(Source data Opens)

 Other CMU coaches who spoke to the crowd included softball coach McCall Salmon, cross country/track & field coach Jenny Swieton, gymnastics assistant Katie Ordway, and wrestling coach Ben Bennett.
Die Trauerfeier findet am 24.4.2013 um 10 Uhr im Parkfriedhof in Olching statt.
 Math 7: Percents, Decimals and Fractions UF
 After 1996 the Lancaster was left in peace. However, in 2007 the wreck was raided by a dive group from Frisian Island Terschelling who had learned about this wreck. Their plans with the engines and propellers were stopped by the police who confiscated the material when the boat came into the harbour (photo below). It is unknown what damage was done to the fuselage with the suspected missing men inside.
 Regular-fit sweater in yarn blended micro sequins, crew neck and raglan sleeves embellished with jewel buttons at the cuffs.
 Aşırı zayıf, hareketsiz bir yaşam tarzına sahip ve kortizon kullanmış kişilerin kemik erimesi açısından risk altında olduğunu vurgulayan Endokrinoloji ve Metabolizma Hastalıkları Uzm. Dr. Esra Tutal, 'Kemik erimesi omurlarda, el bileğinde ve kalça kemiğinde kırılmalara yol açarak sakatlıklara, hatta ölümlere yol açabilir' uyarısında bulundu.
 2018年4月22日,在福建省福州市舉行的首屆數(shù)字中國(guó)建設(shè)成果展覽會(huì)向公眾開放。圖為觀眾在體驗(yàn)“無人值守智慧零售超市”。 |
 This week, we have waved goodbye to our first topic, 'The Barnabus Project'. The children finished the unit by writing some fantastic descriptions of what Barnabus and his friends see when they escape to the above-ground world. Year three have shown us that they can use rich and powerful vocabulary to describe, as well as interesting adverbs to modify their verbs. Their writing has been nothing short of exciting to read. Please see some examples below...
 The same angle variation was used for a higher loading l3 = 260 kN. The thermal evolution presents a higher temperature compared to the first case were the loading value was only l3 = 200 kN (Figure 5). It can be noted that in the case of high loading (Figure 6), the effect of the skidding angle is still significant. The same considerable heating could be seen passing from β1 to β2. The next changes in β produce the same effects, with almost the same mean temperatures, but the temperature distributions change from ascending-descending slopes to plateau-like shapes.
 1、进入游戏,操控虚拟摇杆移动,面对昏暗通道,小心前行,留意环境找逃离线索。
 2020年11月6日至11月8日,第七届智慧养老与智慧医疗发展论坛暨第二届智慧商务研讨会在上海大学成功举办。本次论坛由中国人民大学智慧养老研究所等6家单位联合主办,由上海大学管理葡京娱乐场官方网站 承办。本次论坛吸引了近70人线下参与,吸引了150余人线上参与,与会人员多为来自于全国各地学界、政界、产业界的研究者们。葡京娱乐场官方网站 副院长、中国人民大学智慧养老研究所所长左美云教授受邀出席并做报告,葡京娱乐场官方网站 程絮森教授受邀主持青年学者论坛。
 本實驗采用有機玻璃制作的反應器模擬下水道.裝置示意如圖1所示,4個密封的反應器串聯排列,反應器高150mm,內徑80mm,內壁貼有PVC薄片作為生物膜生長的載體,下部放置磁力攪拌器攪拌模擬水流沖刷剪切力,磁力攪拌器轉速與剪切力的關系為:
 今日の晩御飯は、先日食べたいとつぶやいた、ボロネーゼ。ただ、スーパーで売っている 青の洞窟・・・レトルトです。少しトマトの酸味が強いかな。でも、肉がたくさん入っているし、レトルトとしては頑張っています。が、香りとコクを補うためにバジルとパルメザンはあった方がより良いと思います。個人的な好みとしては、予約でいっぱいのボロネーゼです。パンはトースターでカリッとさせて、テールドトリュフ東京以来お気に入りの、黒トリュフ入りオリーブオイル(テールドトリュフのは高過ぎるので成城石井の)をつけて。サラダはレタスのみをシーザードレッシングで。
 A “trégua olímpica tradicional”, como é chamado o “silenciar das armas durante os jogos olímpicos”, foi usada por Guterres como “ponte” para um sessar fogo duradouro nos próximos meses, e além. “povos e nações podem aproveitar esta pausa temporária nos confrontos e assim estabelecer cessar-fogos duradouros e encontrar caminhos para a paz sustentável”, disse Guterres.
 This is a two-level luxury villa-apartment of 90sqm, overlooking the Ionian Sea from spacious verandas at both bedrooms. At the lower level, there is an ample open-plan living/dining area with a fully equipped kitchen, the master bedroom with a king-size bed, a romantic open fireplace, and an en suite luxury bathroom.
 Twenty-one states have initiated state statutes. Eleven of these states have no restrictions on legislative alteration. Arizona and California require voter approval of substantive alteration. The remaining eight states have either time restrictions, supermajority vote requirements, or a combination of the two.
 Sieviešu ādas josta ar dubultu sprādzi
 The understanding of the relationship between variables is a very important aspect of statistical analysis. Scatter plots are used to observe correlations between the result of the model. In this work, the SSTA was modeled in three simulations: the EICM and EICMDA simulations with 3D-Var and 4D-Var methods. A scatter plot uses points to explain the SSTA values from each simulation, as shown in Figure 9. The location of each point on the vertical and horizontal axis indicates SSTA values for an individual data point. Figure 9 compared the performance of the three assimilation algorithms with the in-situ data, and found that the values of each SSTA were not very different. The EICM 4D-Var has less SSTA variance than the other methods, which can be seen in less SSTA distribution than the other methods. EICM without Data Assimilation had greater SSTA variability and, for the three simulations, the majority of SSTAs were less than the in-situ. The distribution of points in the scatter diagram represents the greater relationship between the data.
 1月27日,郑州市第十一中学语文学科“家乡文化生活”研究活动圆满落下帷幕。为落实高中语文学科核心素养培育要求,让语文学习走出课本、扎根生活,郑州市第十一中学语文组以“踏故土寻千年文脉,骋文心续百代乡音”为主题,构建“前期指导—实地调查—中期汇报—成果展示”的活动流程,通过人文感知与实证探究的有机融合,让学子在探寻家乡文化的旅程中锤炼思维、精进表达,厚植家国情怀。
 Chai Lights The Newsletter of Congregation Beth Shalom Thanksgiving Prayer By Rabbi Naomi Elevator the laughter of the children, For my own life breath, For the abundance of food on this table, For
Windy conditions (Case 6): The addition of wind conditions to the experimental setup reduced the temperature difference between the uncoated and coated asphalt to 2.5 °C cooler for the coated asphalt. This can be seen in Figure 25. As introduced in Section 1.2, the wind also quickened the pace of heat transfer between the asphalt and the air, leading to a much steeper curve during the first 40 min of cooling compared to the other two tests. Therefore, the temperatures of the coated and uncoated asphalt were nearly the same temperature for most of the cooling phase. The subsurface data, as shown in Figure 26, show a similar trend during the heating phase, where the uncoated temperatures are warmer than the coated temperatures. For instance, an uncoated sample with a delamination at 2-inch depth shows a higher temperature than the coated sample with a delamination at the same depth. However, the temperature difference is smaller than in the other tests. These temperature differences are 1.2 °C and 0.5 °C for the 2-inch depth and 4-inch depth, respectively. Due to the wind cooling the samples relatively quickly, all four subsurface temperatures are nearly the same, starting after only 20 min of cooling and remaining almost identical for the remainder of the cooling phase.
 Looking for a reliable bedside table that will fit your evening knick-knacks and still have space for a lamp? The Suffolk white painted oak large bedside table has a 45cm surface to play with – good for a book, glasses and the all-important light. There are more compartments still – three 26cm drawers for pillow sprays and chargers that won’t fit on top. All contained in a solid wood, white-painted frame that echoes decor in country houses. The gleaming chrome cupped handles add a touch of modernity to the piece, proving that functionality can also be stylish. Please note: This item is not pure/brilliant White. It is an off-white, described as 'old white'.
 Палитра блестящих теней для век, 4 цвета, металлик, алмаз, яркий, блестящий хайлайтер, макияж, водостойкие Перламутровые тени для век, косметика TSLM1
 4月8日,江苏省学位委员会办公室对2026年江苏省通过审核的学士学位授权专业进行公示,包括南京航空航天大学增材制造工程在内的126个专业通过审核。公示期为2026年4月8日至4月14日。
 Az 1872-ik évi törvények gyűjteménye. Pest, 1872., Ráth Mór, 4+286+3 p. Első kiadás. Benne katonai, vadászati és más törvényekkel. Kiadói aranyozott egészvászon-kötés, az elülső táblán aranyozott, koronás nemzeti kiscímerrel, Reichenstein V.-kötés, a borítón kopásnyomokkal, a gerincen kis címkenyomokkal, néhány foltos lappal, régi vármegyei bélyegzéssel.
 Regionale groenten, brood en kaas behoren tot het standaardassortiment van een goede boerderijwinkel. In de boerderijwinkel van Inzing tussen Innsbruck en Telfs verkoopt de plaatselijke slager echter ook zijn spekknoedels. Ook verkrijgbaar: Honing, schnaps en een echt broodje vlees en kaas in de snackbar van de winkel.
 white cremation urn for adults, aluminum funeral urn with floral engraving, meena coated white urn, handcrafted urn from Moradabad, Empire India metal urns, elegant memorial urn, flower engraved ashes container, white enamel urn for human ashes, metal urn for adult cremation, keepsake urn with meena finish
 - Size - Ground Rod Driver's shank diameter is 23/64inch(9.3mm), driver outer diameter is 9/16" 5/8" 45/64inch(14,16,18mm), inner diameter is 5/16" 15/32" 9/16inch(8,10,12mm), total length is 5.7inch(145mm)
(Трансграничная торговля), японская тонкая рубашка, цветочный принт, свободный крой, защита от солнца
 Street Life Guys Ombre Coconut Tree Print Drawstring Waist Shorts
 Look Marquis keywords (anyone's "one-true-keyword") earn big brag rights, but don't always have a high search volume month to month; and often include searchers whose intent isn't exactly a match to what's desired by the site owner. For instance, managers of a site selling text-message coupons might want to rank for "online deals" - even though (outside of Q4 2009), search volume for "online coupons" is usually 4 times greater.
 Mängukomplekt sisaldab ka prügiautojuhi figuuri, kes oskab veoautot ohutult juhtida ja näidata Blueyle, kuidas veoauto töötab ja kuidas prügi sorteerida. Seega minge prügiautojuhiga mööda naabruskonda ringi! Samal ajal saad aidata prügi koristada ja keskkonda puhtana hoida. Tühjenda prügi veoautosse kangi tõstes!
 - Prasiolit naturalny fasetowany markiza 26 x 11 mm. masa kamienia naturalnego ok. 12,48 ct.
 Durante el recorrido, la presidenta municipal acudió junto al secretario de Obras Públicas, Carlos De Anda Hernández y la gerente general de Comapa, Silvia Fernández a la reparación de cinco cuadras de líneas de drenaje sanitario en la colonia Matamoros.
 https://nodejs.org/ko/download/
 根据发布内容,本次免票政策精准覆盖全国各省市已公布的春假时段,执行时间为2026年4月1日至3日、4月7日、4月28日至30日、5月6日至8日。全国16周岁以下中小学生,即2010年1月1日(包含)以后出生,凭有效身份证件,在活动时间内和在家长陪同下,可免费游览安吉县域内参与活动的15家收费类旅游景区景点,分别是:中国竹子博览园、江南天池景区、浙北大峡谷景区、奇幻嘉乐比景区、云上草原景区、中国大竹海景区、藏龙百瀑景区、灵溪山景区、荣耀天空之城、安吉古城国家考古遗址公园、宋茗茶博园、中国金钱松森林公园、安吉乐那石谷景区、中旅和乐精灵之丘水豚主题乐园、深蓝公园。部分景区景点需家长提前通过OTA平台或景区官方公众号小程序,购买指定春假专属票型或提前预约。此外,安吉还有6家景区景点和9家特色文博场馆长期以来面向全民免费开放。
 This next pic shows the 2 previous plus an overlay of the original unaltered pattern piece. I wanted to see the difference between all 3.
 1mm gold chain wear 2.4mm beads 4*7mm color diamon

(Source data Closes)

[Directions]: Above this instruction are the records; retype exactly the lines from the one containing "Aşırı zayıf, hareketsiz" up to and including the one containing "This week, we".

[Output for this exercise]:
 Aşırı zayıf, hareketsiz bir yaşam tarzına sahip ve kortizon kullanmış kişilerin kemik erimesi açısından risk altında olduğunu vurgulayan Endokrinoloji ve Metabolizma Hastalıkları Uzm. Dr. Esra Tutal, 'Kemik erimesi omurlarda, el bileğinde ve kalça kemiğinde kırılmalara yol açarak sakatlıklara, hatta ölümlere yol açabilir' uyarısında bulundu.
 2018年4月22日,在福建省福州市舉行的首屆數(shù)字中國(guó)建設(shè)成果展覽會(huì)向公眾開放。圖為觀眾在體驗(yàn)“無人值守智慧零售超市”。 |
 This week, we have waved goodbye to our first topic, 'The Barnabus Project'. The children finished the unit by writing some fantastic descriptions of what Barnabus and his friends see when they escape to the above-ground world. Year three have shown us that they can use rich and powerful vocabulary to describe, as well as interesting adverbs to modify their verbs. Their writing has been nothing short of exciting to read. Please see some examples below...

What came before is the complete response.